Anyone in the Central Florida area want to get together to work on exposures together? Like exposures to different types of social situations in order to be more comfortable with them.


----------



## christ~in~me (Dec 18, 2008)

yesssssss i do where are you? im in kissimmee


----------



## Whitney (Oct 2, 2008)

I'm in Melbourne


----------



## silentcliche (Jun 30, 2010)

Hi from the west coast. St. Pete dude here


----------



## Whitney (Oct 2, 2008)

Arrested Development said:


> Hey, me too
> 
> I don't know about this exposure business though LOL


We can start small! I'm trying to come up with a list in order from easiest to hardiest and slowly work my way up.
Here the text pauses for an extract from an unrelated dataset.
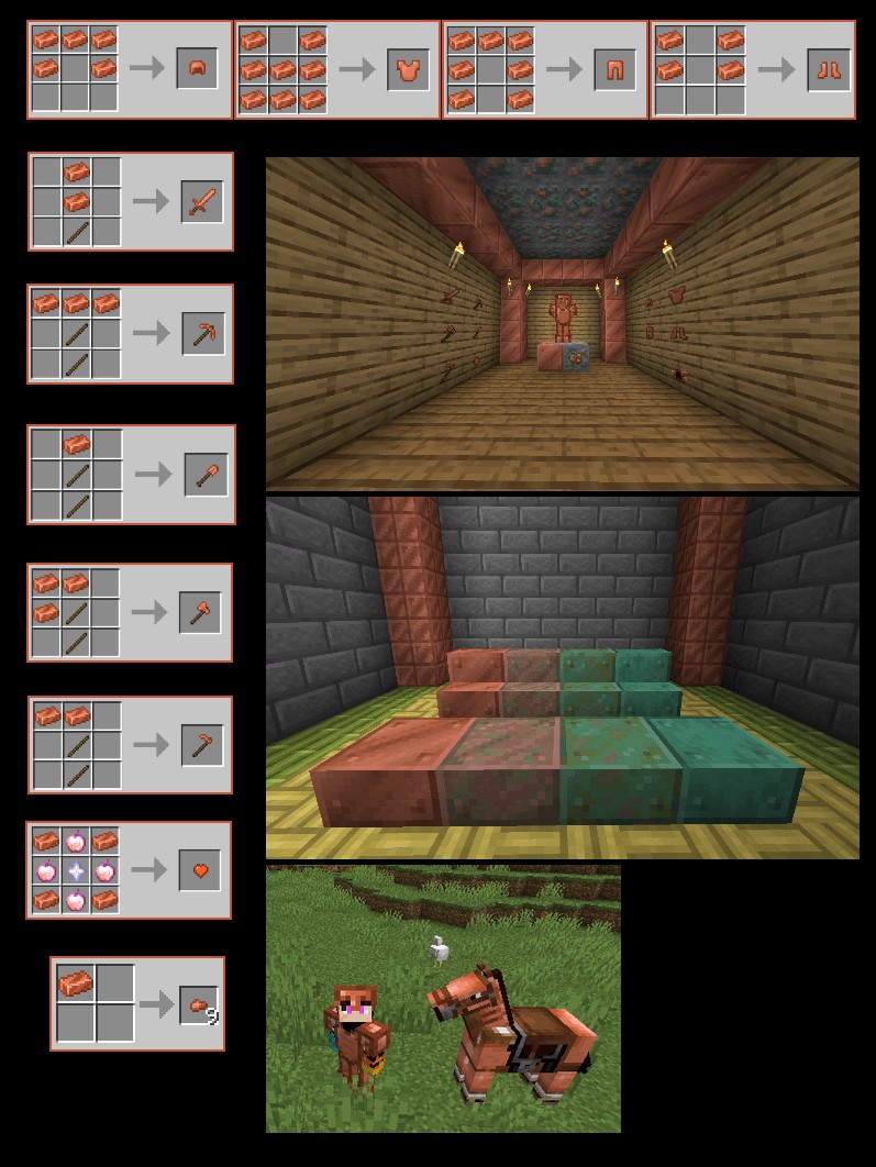 С Better Copper вы сможете улучшить свои строительные проекты с помощью новых медных блоков и décor’ов. Этот мод акцентирует внимание на использовании меди - одного из наиболее недооценённых материалов в Minecraft. Теперь, когда материалы становятся основой вашего выживания, крафт медных инструментов и брони будет иметь высокий приоритет.

It is time to break the cycle of avoidance!


----------



## Xtina_Xposed (Sep 10, 2007)

Sounds scary, lol.


----------



## CabecitaSilenciosa (Jun 8, 2010)

I live in Northeast Florida.


----------



## HTF (Nov 15, 2009)

Arrested Development said:


> I am in Central Florida
> 
> I don't know about this exposure business though LOL


its called graded exposure. where you gradually expose yourself to certain social situations or phobia, to become desensitized in a way.


----------



## Whitney (Oct 2, 2008)

So anyone in the Orlando area want to host a meet-up? Or know of a good public place for one like a park or restaurant?

I really want this to happen!


----------



## silentcliche (Jun 30, 2010)

I'm willing to make a trip out to O-town if something materializes.


----------



## Opus113 (Aug 5, 2010)

I'm in Florida! but it's Naples, way south. I'm sure you guys have already seen this, but it looks like there are some good support groups closer to your locations: http://www.socialanxietysupport.com/forum/f79/

Unfortunately, these are too far for me. I would love to get together with people for practicing SA coping skills. Anyone here near the SW??


----------



## Diego Manchego (Jun 16, 2012)

Opus113 said:


> I'm in Florida! but it's Naples, way south. I'm sure you guys have already seen this, but it looks like there are some good support groups closer to your locations: http://www.socialanxietysupport.com/forum/f79/
> 
> Unfortunately, these are too far for me. I would love to get together with people for practicing SA coping skills. Anyone here near the SW??


i live in estero, which is like 20 minutes from naples


----------



## shana (Mar 9, 2009)

I'm in Pinellas county, Tampa bay area!


----------